In this paper, the effect of the nanopillar spacing and the droplet radius on the critical velocity of the C-W transition of the droplet was examined. In addition, the critical velocity prediction model was proposed based on the mechanical equilibrium system of the C-W transition of the droplet. The study conclusions are as follows:

• The capillary pressure and the Laplace pressure should be considered in the calculation of the critical velocity of the C-W transition of the droplet. Furthermore, a critical velocity prediction model was proposed based on the mechanical equilibrium system including the capillary pressure and the Laplace pressure. The model can predict the critical velocity more accurately and be applied across scales.

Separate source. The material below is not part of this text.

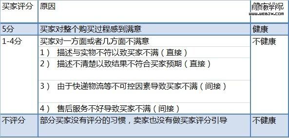 上面的表格简单列出了买家评分的几种情况和原因(直接或间接),相信很多卖家都应该有所了解,下面让我们简单来分析一下描述低分和不评分的原因:

• The correlation between the simulation at the nanoscale and the evaluation of the macroscopic symmetrical protrusion surface properties were presented. This correlation can be used to guide the parameters set in the MD simulation.
• This study established a method to directly evaluate the wettability of a surface based on the results of the MD simulation and has practical application value for the design and research of superhydrophobic surfaces.